▶ _Exercise_:
Copy all entries verbatim and keep any pictures out of the copy.

▶ _Stored data_:
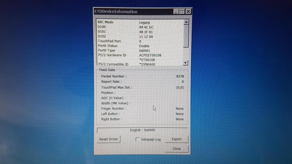 The Device Information does see the change, but only after a reboot. The two relevant files are attached. Also a picture of what I'm seeing in the Device Information program window. When I use the trackpad, the "Packet Number" reading changes, and the "Report Rate" reading. Nothing else registers though, like using the buttons. ETDDeviceInformationAfterChangeBeforeReboot.txt ETDDeviceInformationAfterChangeAfterReboot.txt
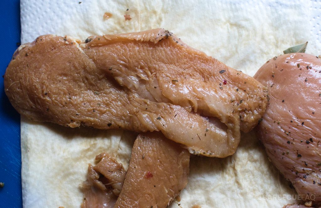 - Remove chicken from marinade and pat completely dry, wiping off any bay leaves, peppercorns, or oregano.
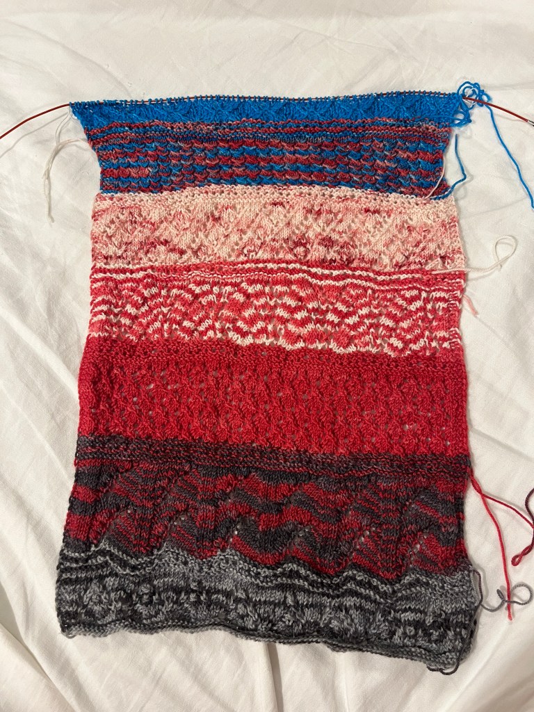 Nearly through all the mini skeins I brought with me, so it will soon go on hold until I can get back to the States to get the rest of the yarn.
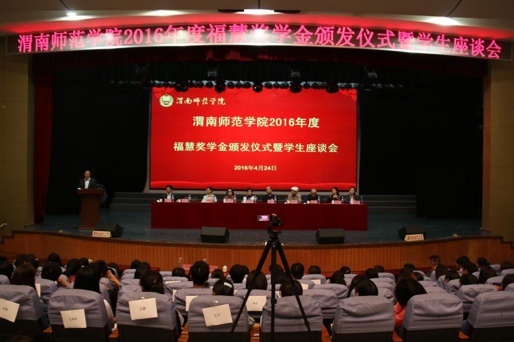 4月24日,香港福慧慈善基金会奖学金颁发仪式暨学生座谈会在best365演艺厅举行。福慧慈善基金会主席严崔常敏,基金会董事宋伟文、宋何燕敏、杜佩玲,陕西省委统战部三处处长张丰,三处副处级调研员张树忠,渭南市台办主任许芬芳,渭南市委统战部张会娟,best365党委副书记赵伏友,党委委员、组织部部长杨小渭,学工部部长王俊安,副部长田耿辉出席会议。各二级学院分管学生工作领导、学工办主任、主管资助工作的辅导员和300余名学生代表参加了颁奖仪式。仪式由王俊安主持。
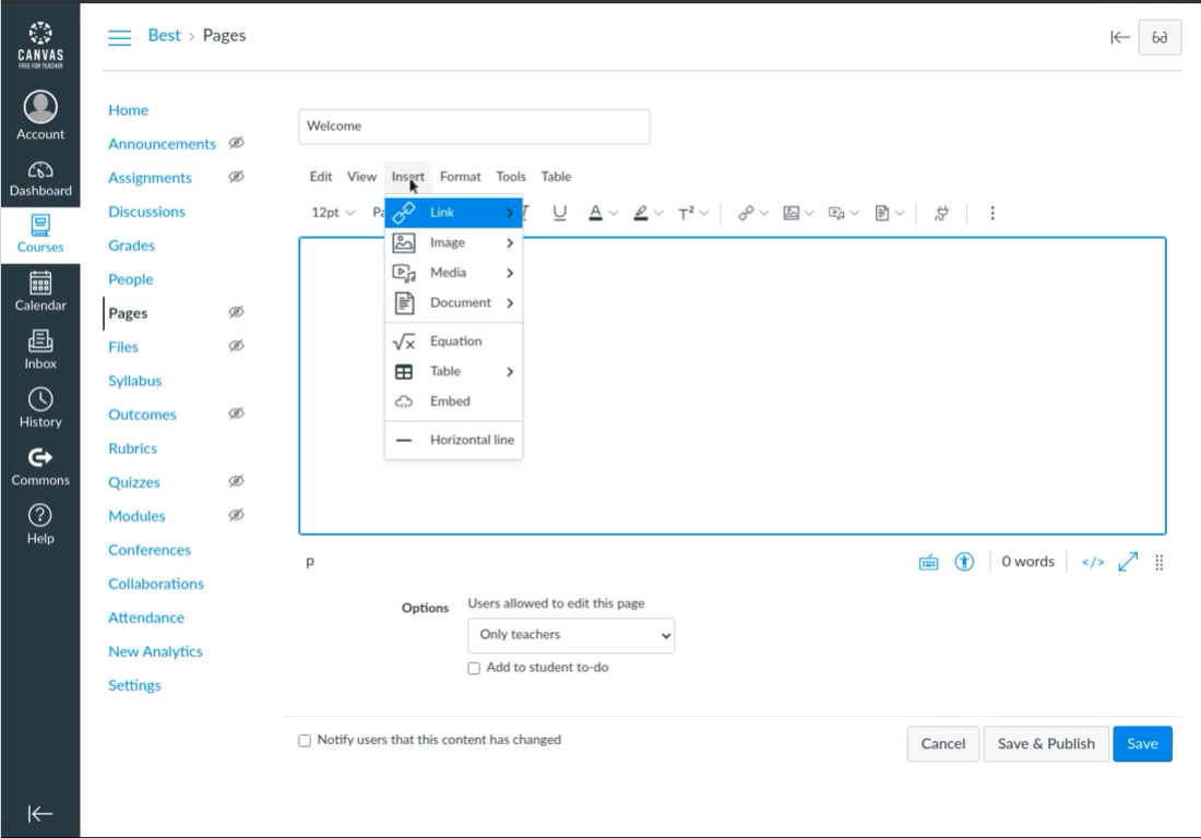 Build a homepage for a course in Canvas
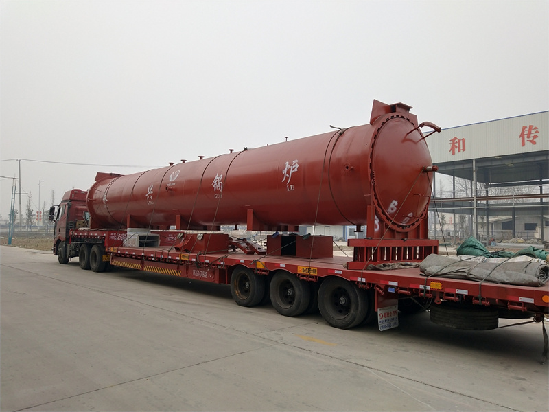 由于蒸压釜工作介质多采用饱和蒸汽,所以为了尽量减少釜体不均匀受热而产生的变形,对于较K的蒸压釜不宜采用集中进汽方式,而应该在釜内沿釜长度方向设置蒸汽分配管,蒸汽从进汽口进人后沿分配管分配到釜内各处,使整个釜体均匀受热。蒸压釜在升压时,釜体底部有冷凝水,底部温度比上部温度低。在不影响操作和小车行走等因素时,分配管尽量靠近釜体底部。
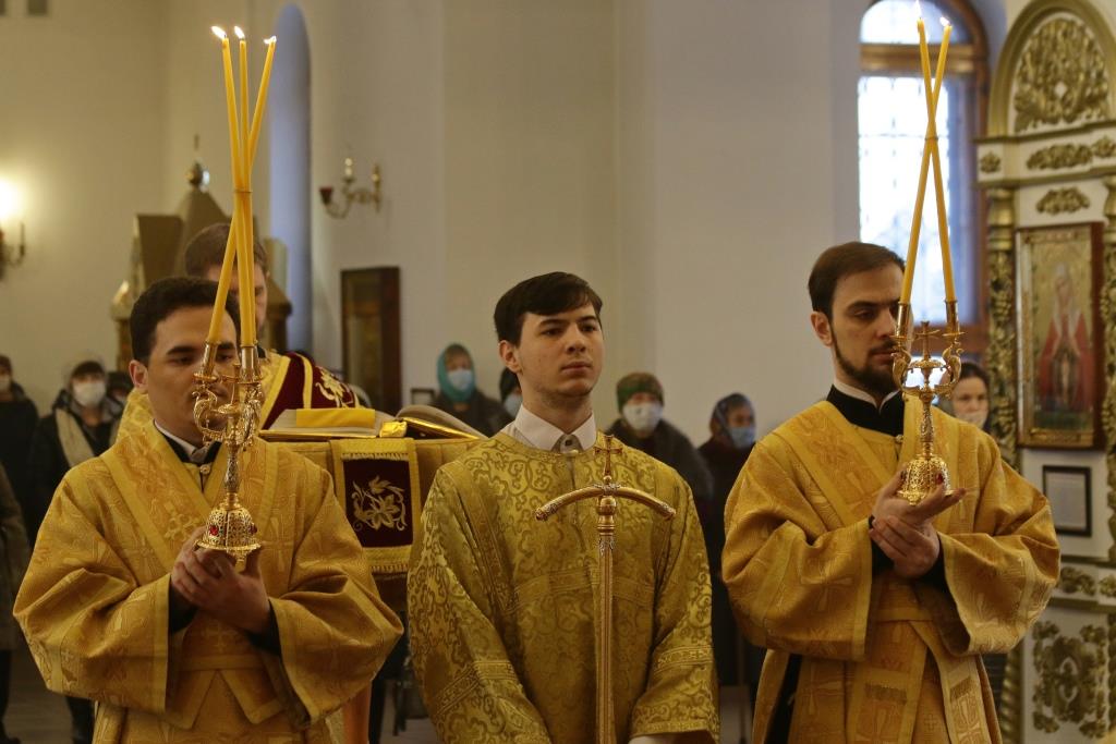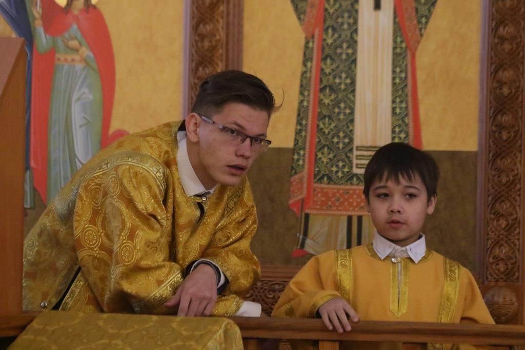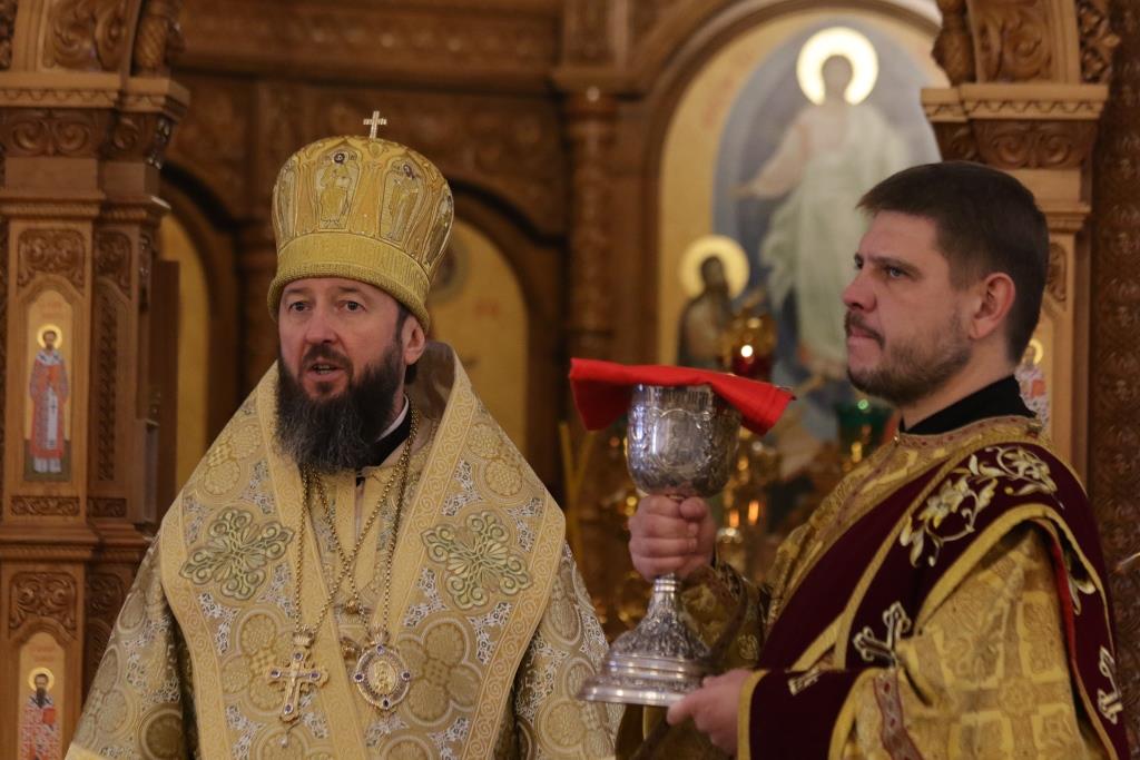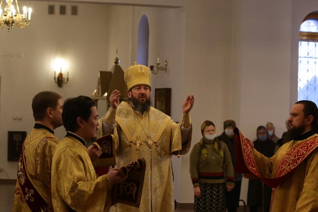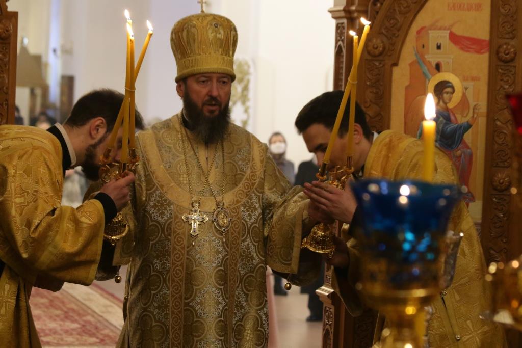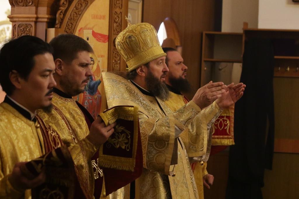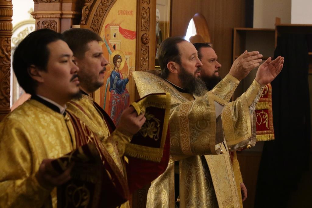 Архипастырю сослужили: духовник епархии архимандрит Спиридон (Теплухин), ключарь собора иеромонах Никодим (Авдеев), клирик собора иеромонах Силуан (Магилев), иерей Владимир Лаврешин, секретарь епархии диакон Илия Кван, протодиакон Георгий Засыпкин, протодиакон Андрей Дудник.

▶ _Task output_:
 The Device Information does see the change, but only after a reboot. The two relevant files are attached. Also a picture of what I'm seeing in the Device Information program window. When I use the trackpad, the "Packet Number" reading changes, and the "Report Rate" reading. Nothing else registers though, like using the buttons. ETDDeviceInformationAfterChangeBeforeReboot.txt ETDDeviceInformationAfterChangeAfterReboot.txt
 - Remove chicken from marinade and pat completely dry, wiping off any bay leaves, peppercorns, or oregano.
 Nearly through all the mini skeins I brought with me, so it will soon go on hold until I can get back to the States to get the rest of the yarn.
 4月24日,香港福慧慈善基金会奖学金颁发仪式暨学生座谈会在best365演艺厅举行。福慧慈善基金会主席严崔常敏,基金会董事宋伟文、宋何燕敏、杜佩玲,陕西省委统战部三处处长张丰,三处副处级调研员张树忠,渭南市台办主任许芬芳,渭南市委统战部张会娟,best365党委副书记赵伏友,党委委员、组织部部长杨小渭,学工部部长王俊安,副部长田耿辉出席会议。各二级学院分管学生工作领导、学工办主任、主管资助工作的辅导员和300余名学生代表参加了颁奖仪式。仪式由王俊安主持。
 Build a homepage for a course in Canvas
 由于蒸压釜工作介质多采用饱和蒸汽,所以为了尽量减少釜体不均匀受热而产生的变形,对于较K的蒸压釜不宜采用集中进汽方式,而应该在釜内沿釜长度方向设置蒸汽分配管,蒸汽从进汽口进人后沿分配管分配到釜内各处,使整个釜体均匀受热。蒸压釜在升压时,釜体底部有冷凝水,底部温度比上部温度低。在不影响操作和小车行走等因素时,分配管尽量靠近釜体底部。
 Архипастырю сослужили: духовник епархии архимандрит Спиридон (Теплухин), ключарь собора иеромонах Никодим (Авдеев), клирик собора иеромонах Силуан (Магилев), иерей Владимир Лаврешин, секретарь епархии диакон Илия Кван, протодиакон Георгий Засыпкин, протодиакон Андрей Дудник.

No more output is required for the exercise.